Significantly different compared to controls (P < 0.05, ANOVA).

Significantly different compared to GD1 patients with Z score > –2 (P < 0.05, ANOVA).

Control values measured in 2 healthy control subjects age-, BMI-, and sex-matched for each enrolled patient with Gaucher type 1 disease.

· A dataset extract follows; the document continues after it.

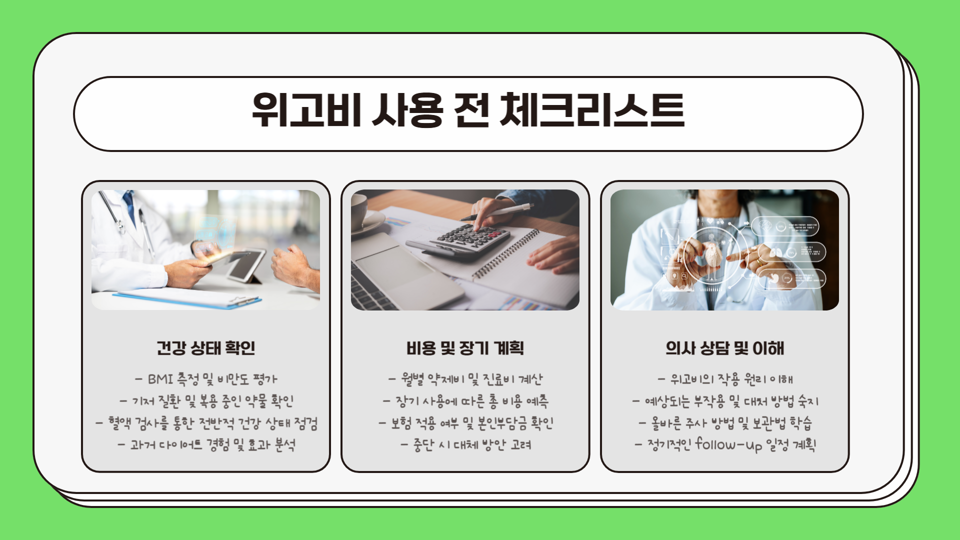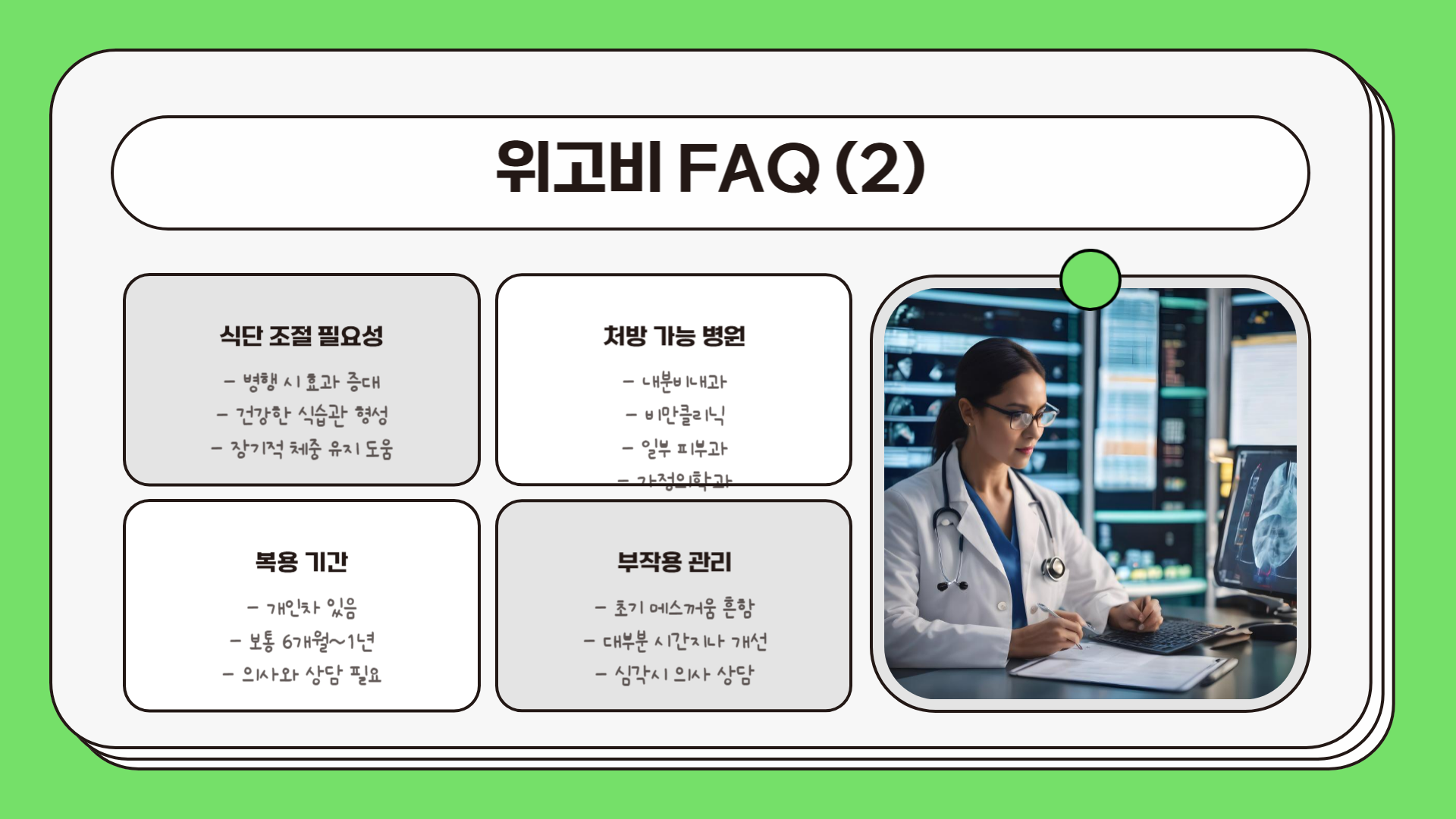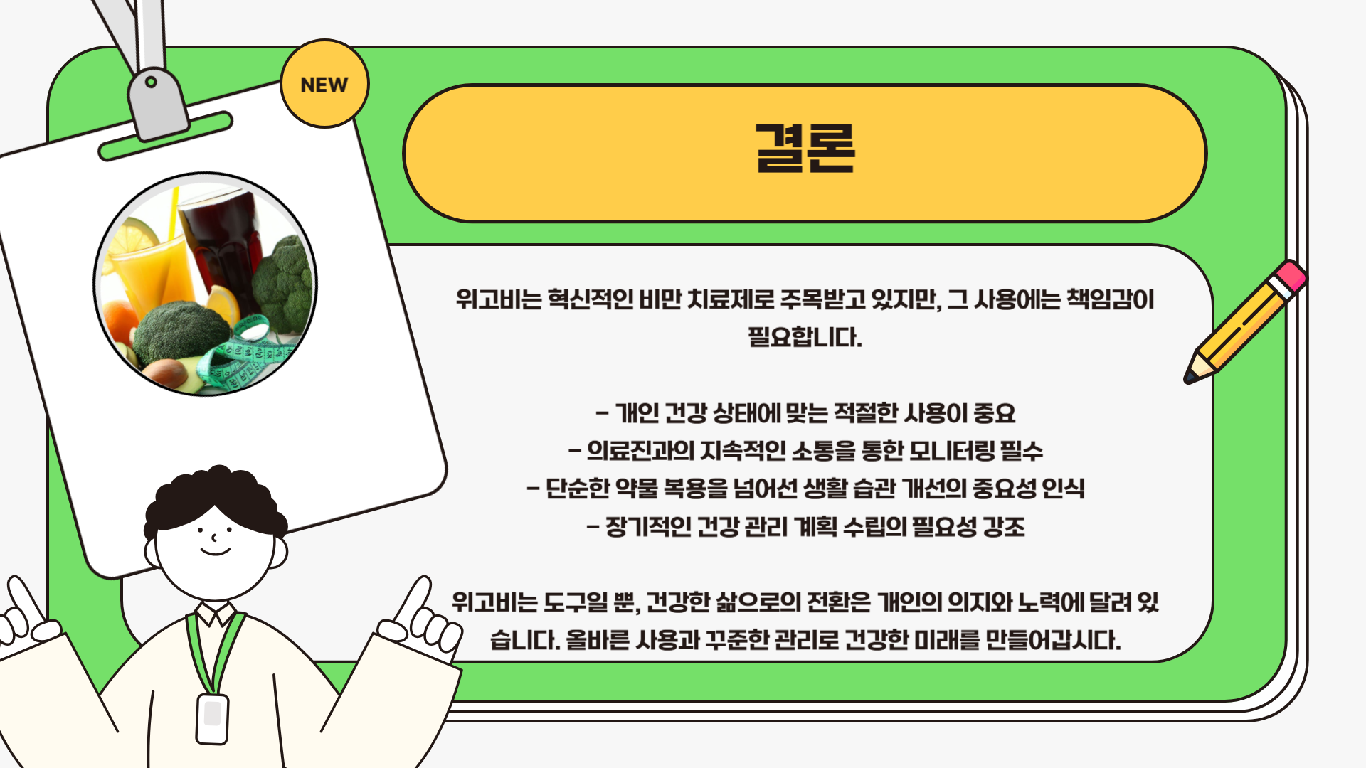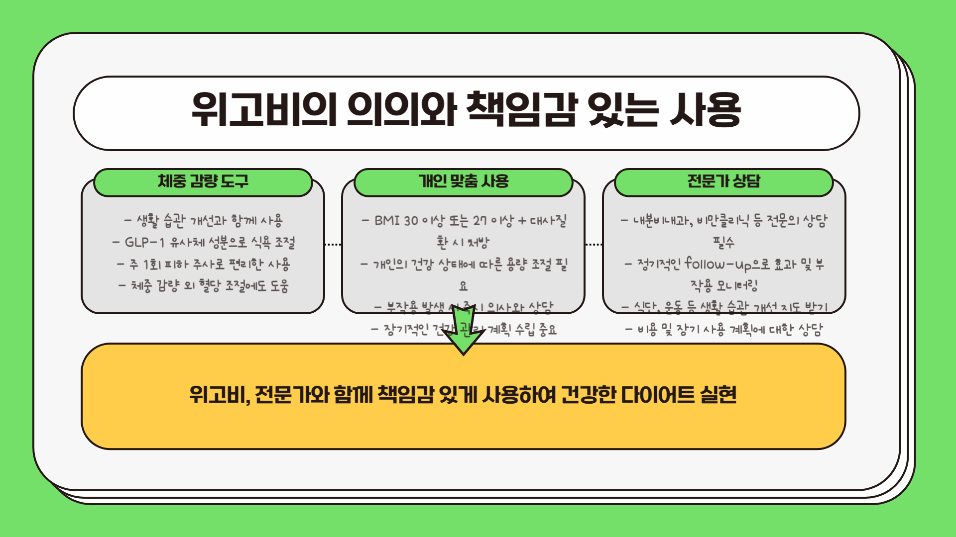 위고비는 단순한 다이어트가 아니라 생활 습관까지 함께 바꿔주는 체중 감량 도구입니다. 하지만 그만큼 책임감 있게 접근해야 하는 약이기도 해요. 여러분의 몸과 건강에 맞는 방법인지 꼼꼼히 확인하고, 믿을 수 있는 병원에서 상담받으세요. 위고비, 올바르게 사용한다면 분명 멋진 결과를 가져올 수 있어요. 궁금하신 점은 언제든 댓글로 남겨주세요!
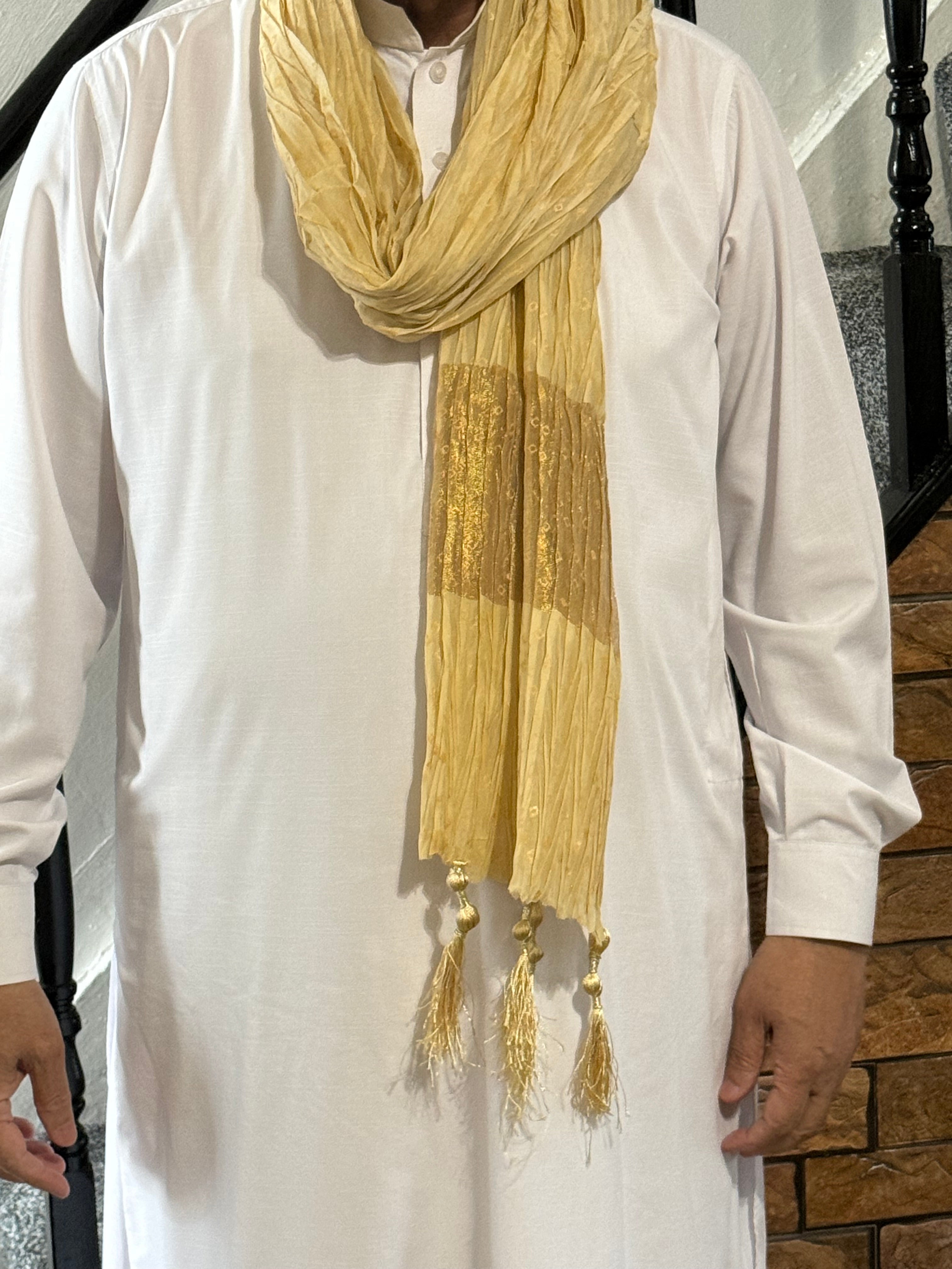 Mehndi Dupatta for the Lads is a traditional mehndi accessory to add a festive flair to special occasions. This wrap around scarf features in Beige colour in a shaded pattern. The lightweight, adjustable fabric makes this a comfortable and versatile choice for boys and gents. Crafted from high-quality materials, it ensures long-lasting durability and exceptional comfort for everyday wear. The timeless design pairs effortlessly with both casual and formal outfits, making it a versatile wardrobe staple.

Four patients with Z-score > –2 were splenectomised.

Abbreviations: 1,25(OH)₂D, 1-25 dyhydroxyvitamin D; 25(OH)D, 25 Hydroxyvitamin D; bALP, bone isoenzyme of alkaline phosphatase; BMD, bone mineral density; BMI, body mass index; Calcium, total calcium corrected for albumin; CHT, chitothriosidase; CTX, C-terminal telopeptide of type I collagen; MN, multiples of normal volumes for spleen (0.2% of body weight) and liver (2.5% of body weight); P1PNP, total procollagen type 1 N-terminal propeptide; tALP, total alkaline phosphatase.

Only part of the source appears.